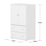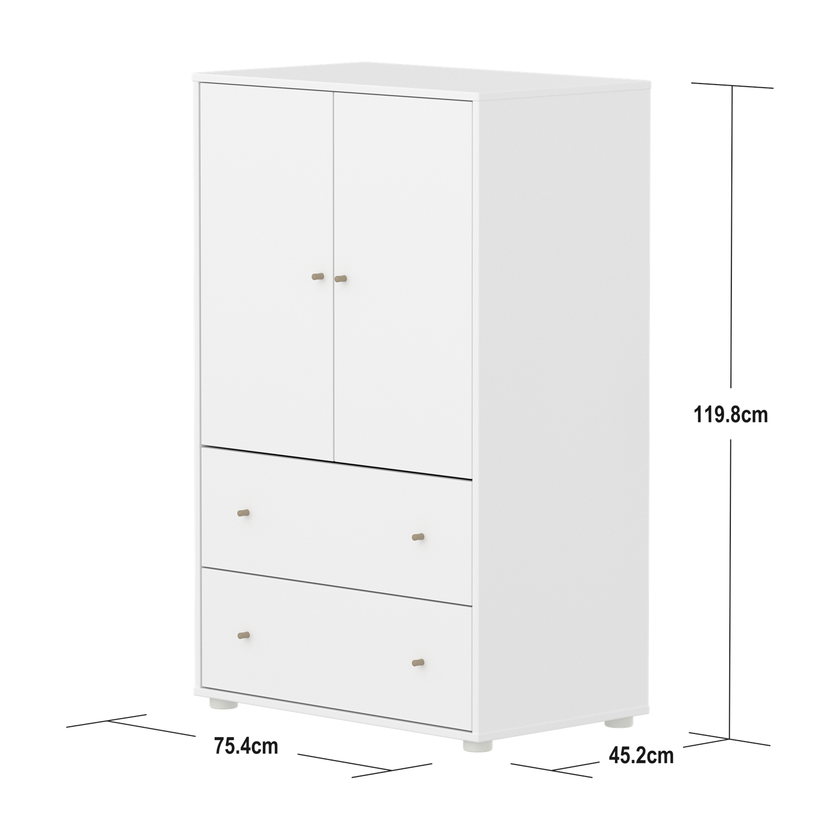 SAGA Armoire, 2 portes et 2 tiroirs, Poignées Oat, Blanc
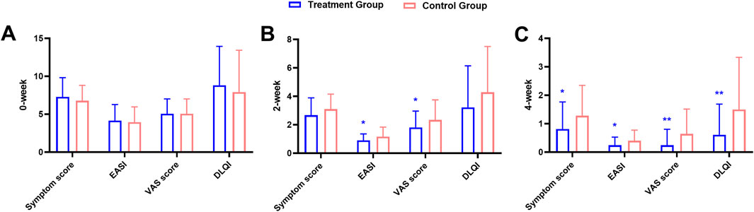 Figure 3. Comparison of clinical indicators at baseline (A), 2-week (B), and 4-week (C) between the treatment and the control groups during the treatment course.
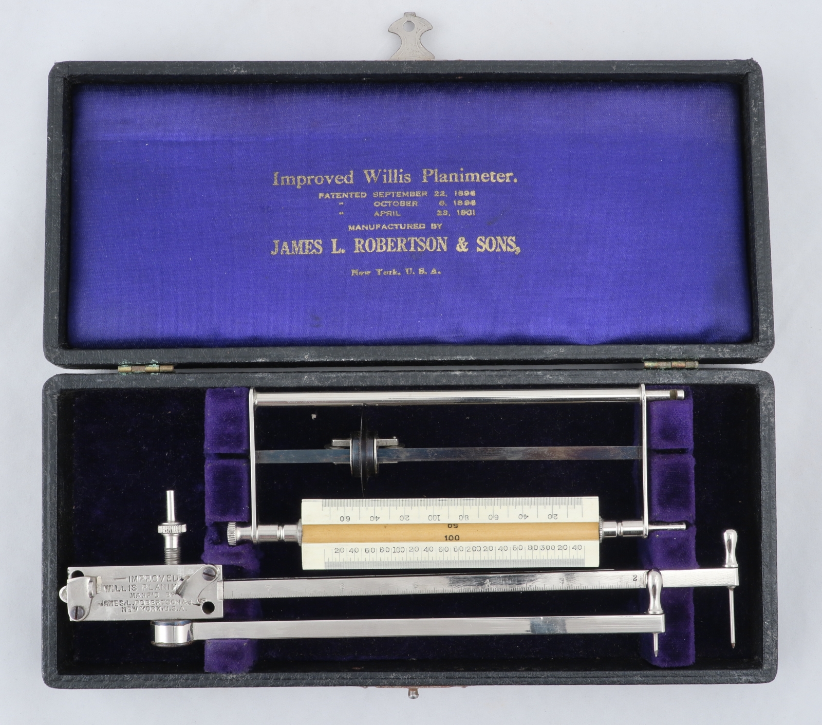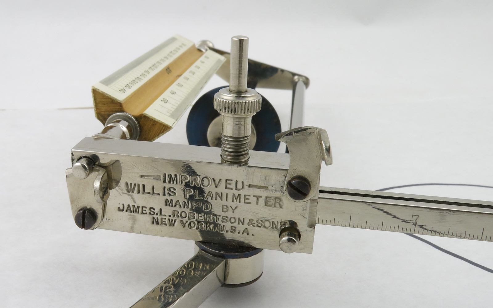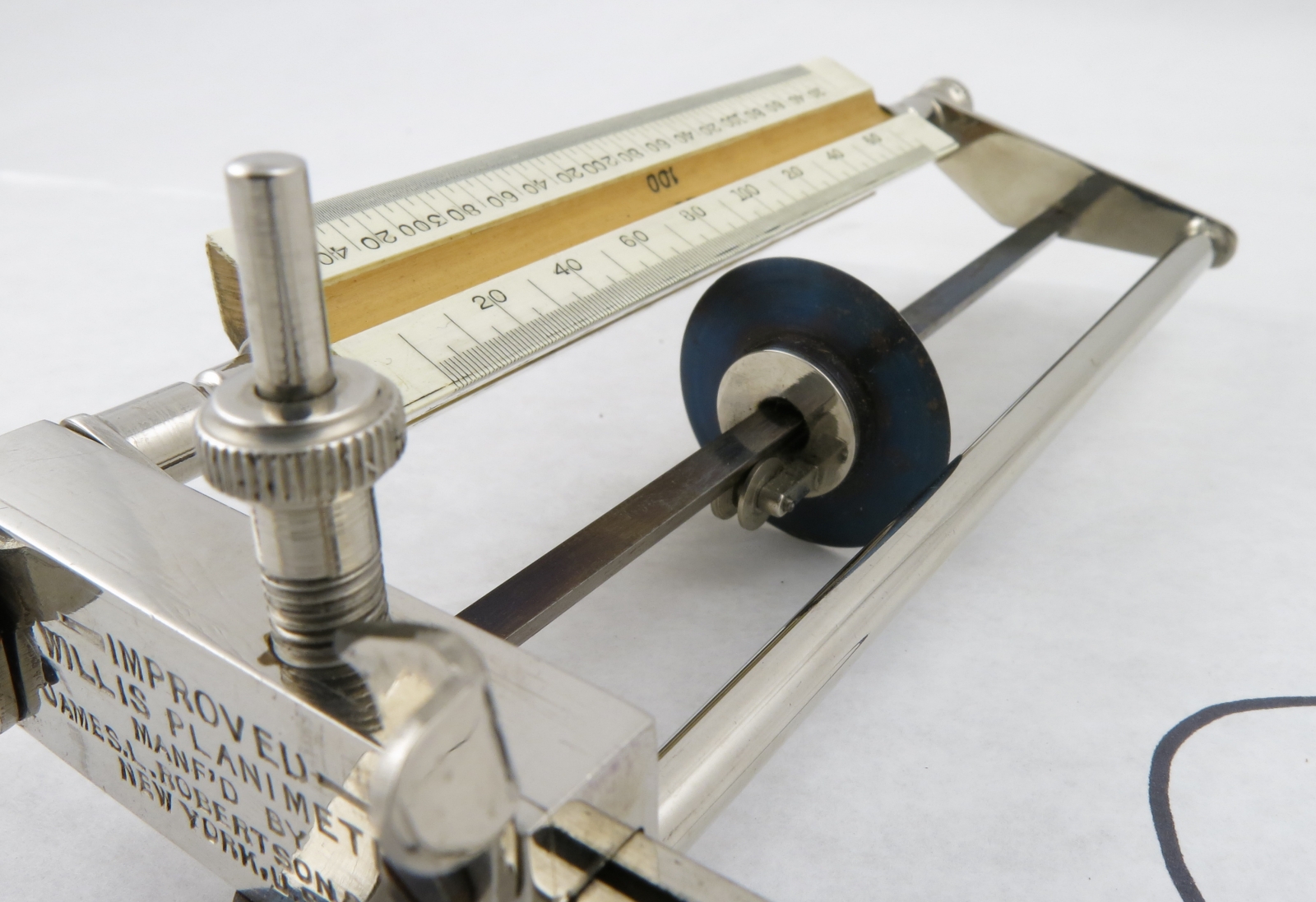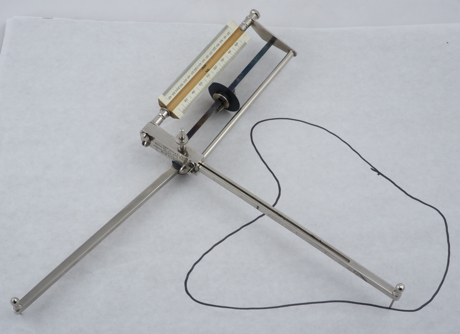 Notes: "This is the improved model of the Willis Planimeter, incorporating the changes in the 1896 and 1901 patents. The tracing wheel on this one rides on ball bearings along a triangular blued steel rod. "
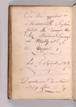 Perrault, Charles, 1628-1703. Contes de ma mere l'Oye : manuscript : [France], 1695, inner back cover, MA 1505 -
++++++++++++++++++++
- Work instructions -
In your copy, include no pictures and only the lines from the line with "is the improved" through the final line of the listing above, reproduced exactly.

- Answer -
 Notes: "This is the improved model of the Willis Planimeter, incorporating the changes in the 1896 and 1901 patents. The tracing wheel on this one rides on ball bearings along a triangular blued steel rod. "
 Perrault, Charles, 1628-1703. Contes de ma mere l'Oye : manuscript : [France], 1695, inner back cover, MA 1505 -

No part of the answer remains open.